Афинянин вскинул голову, точно хотел отказать наотрез… но только побледнел, глубоко вздохнув. Он пригладил свои солнечные волосы и сказал:
– Хорошо. Но мы поедем вдвоем, или я тебя не отпущу!
Поликсена кивнула. Посетить Саис было совсем не то, что приехать к Нитетис домой.
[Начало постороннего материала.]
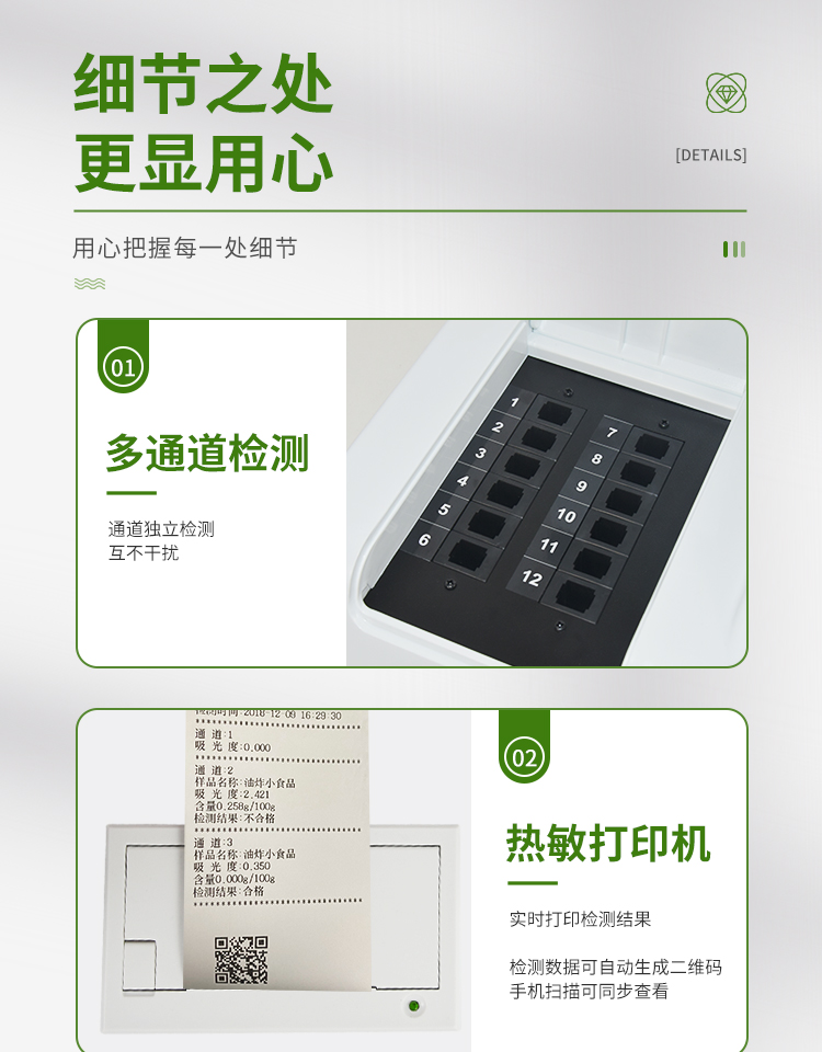 6、配備新一代嵌入式熱敏打印機(jī),可選擇手動(dòng)打印或者自動(dòng)打印,檢測完成可自動(dòng)打印檢測報(bào)告和二維碼。

Больше никто не попытался покуситься на Поликсену… если покушение действительно было, в чем эллинка все сильнее сомневалась.
Но когда она увидела великую царицу во дворце, – после разлуки длиннее, чем в год, – эллинке показалось, что божественная Нитетис изменилась к худшему.
То, что не может двигаться вперед, к вершине, должно скатываться назад… если речь идет о людях, а не о таком великом и прекрасно отлаженном государстве, как Та-Кемет. Эта страна погребала под множеством священных условностей наиболее талантливых и своеобычно мыслящих людей – уничтожая их, если не получалось обтесать по требуемой форме.
У Нитетис потухли глаза, у губ обозначились складки – она казалась старше своих лет, хотя была на два года младше Поликсены. И известие, что подруга покидает ее, конечно, не добавило властительнице Обеих Земель радости.
– Теперь, когда Уджагорресент лишил меня моих эллинов, почти закрыв им путь в наши города, а ты покидаешь свою подругу… я чувствую, что жизнь вытекает из меня, – сказала египтянка. – Уджагорресент все еще любит меня, меня одну… но так, точно мы с царским казначеем уже вошли в царство Осириса, где все вовеки неизменно! Такое вечное блаженство, право же, не лучше вашего Тартара!
Поликсена утешала любимую благодетельницу как могла.
– Тот, кто умнее и развитее других, часто обрекается этим на мучения, – сказала эллинка. – Особенно трудно приходится одаренным женщинам! Но ведь мы с тобой испытываем чувства, недоступные этим другим!
Поразмыслив, Поликсена прибавила:
– И если существует загробное воздаяние, оно не может быть таково, как ты говоришь! Конечно, у богов больше справедливости, чем у людей, – иначе где искать справедливость еще?
Царица бледно улыбнулась, потом произнесла:
– Мой Яхмес, мой маленький перс… Он единственный сын царя царей и уже объявлен богом! Льстецы Камбиса находили в нем черты Кира… но я думаю сейчас, что лучше всего моему Хору в гнезде было бы вырасти самым обыкновенным человеком!
Поликсена отвела глаза. Она знала, что Нитетис в этот миг завидует ее детям, Никострату и Фрине. Хотя что ждет мальчика…
– Никто не знает, что будет! – сказала эллинка.
Глядя на царицу, Поликсена, чтобы отвлечь ее, задала вопрос, который давно созрел… и который она не осмелилась задать в письме.
– Скажи, Нитетис… а кто сделал эту золотую богиню, которую ты подарила мне? Я даже у наших скульпторов не встречала таких работ!